→ **Records shown**
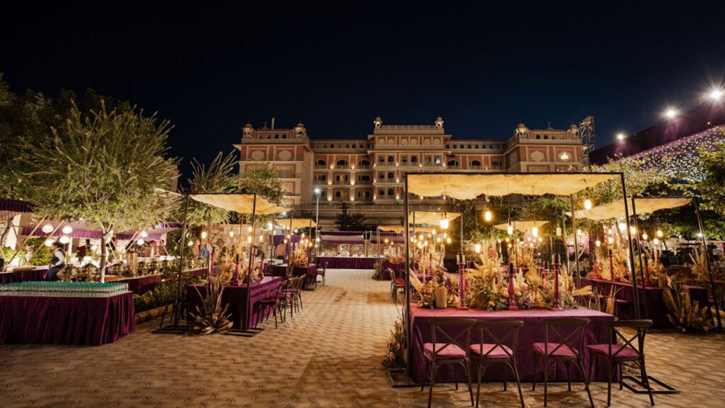 Fairmont Jaipur is one of the most famous luxury wedding hotels in Jaipur, known for its royal look and grand design. Inspired by Mughal and Rajputana architecture, this hotel is perfect for large destination weddings that need spacious venues and a royal setting. It offers a true palace-style wedding experience in Jaipur.
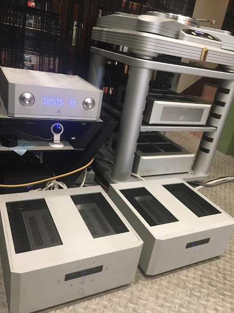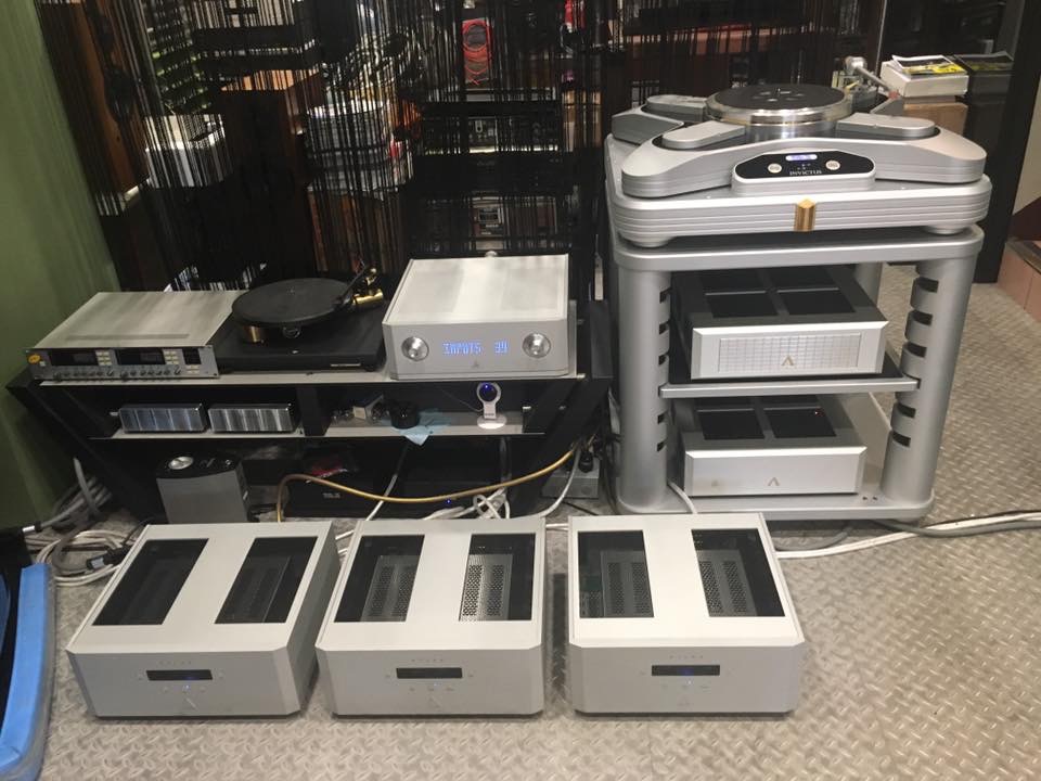 Aesthetix system at Golden Rhyme in Taiwan! Metis line stage, Io Eclipse phono stage, Atlas Stereo Eclipse (highs), Atlas Mono Eclipse (pr, lows), Focal Grand Utopia III EM speakers, Acoustic Signature Invictus Turntable, Acoustic Signature 9000 tonearm, Bluelectric 4qd cartridge, Kuzma Stabi S turntable,Argento cables etc.
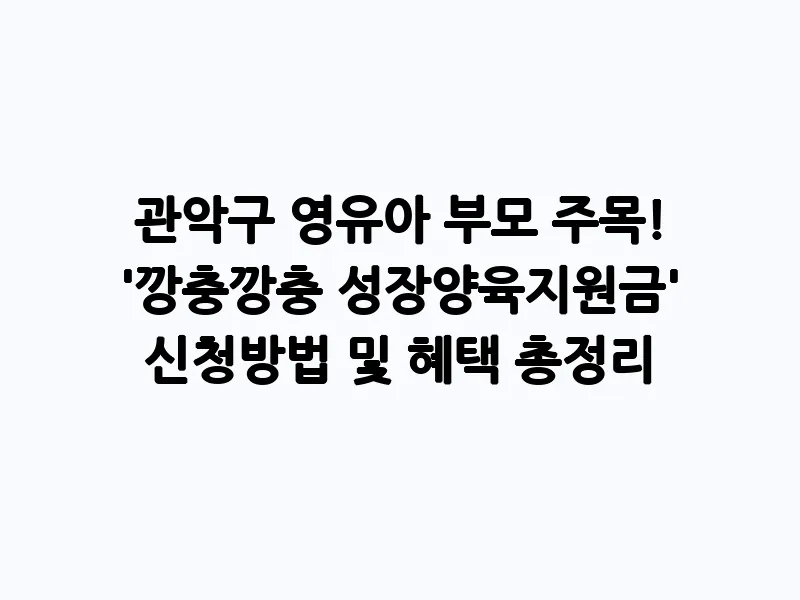 육아는 세상에서 가장 소중하고 아름다운 일이지만, 동시에 만만치 않은 경제적 부담을 동반하기도 합니다. 특히 아이들이 쑥쑥 자라는 시기에는 필요한 것이 한두 가지가 아니죠. 이러한 부모님들의 어려움을 덜어주고, 아이들이 더 밝고 건강하게 성장할 수 있도록 돕기 위해 서울 관악구에서 특별한 지원 정책을 마련했습니다!
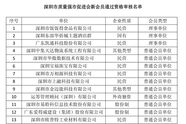 附:深圳市质量强市促进会新会员通过资格审核名单
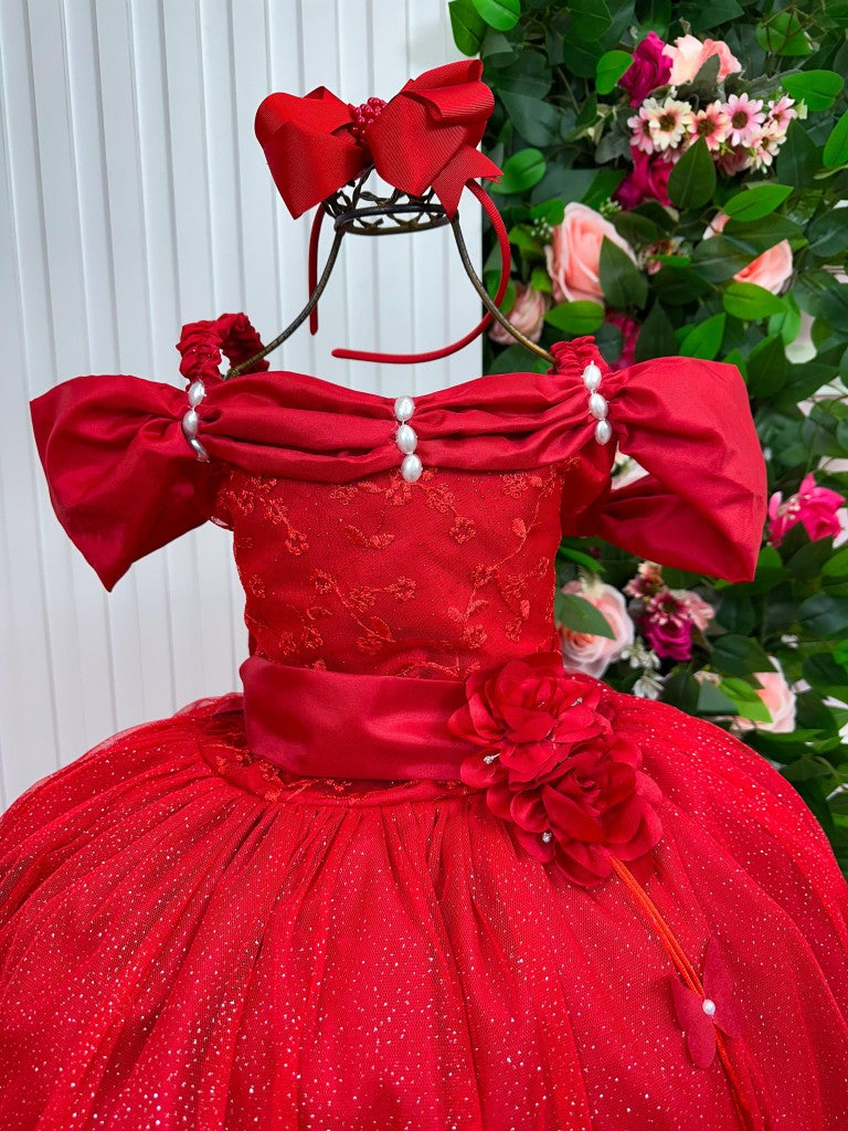 Vestido Infantil Vermelho em Tecido Misto com Manga Elegante para Estilo Princesa
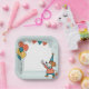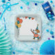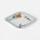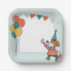 Diseño de placas de papel divertido que exhiben un perro de dibujos animados con globos coloridos, ideal para fiestas y reuniones.
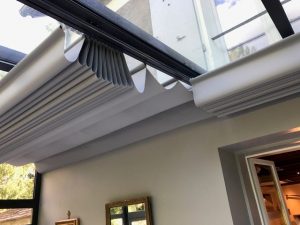 Pour ce projet, IDESIGN a préconisé des profils latéraux de guidage munis d’une toile solaire type Screen et d’un système de plis rigides masqués dans un fourreau.
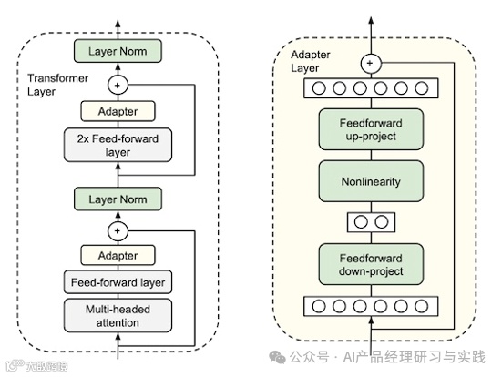 在右图中,Adapter由一个瓶颈组成,其中包含与原始模型中的注意层和前馈层相关的几个参数。适配器还包含一个跳过连接。在适配器调整期间,绿色层根据下游数据进行训练,这包括适配器、层规范化参数和最终分类层 (图中未显示)。

→ **Task details**
Return the complete data unchanged and include none of the pictures.

→ **Your response**
 Fairmont Jaipur is one of the most famous luxury wedding hotels in Jaipur, known for its royal look and grand design. Inspired by Mughal and Rajputana architecture, this hotel is perfect for large destination weddings that need spacious venues and a royal setting. It offers a true palace-style wedding experience in Jaipur.
 Aesthetix system at Golden Rhyme in Taiwan! Metis line stage, Io Eclipse phono stage, Atlas Stereo Eclipse (highs), Atlas Mono Eclipse (pr, lows), Focal Grand Utopia III EM speakers, Acoustic Signature Invictus Turntable, Acoustic Signature 9000 tonearm, Bluelectric 4qd cartridge, Kuzma Stabi S turntable,Argento cables etc.
 육아는 세상에서 가장 소중하고 아름다운 일이지만, 동시에 만만치 않은 경제적 부담을 동반하기도 합니다. 특히 아이들이 쑥쑥 자라는 시기에는 필요한 것이 한두 가지가 아니죠. 이러한 부모님들의 어려움을 덜어주고, 아이들이 더 밝고 건강하게 성장할 수 있도록 돕기 위해 서울 관악구에서 특별한 지원 정책을 마련했습니다!
 附:深圳市质量强市促进会新会员通过资格审核名单
 Vestido Infantil Vermelho em Tecido Misto com Manga Elegante para Estilo Princesa
 Diseño de placas de papel divertido que exhiben un perro de dibujos animados con globos coloridos, ideal para fiestas y reuniones.
 Pour ce projet, IDESIGN a préconisé des profils latéraux de guidage munis d’une toile solaire type Screen et d’un système de plis rigides masqués dans un fourreau.
 在右图中,Adapter由一个瓶颈组成,其中包含与原始模型中的注意层和前馈层相关的几个参数。适配器还包含一个跳过连接。在适配器调整期间,绿色层根据下游数据进行训练,这包括适配器、层规范化参数和最终分类层 (图中未显示)。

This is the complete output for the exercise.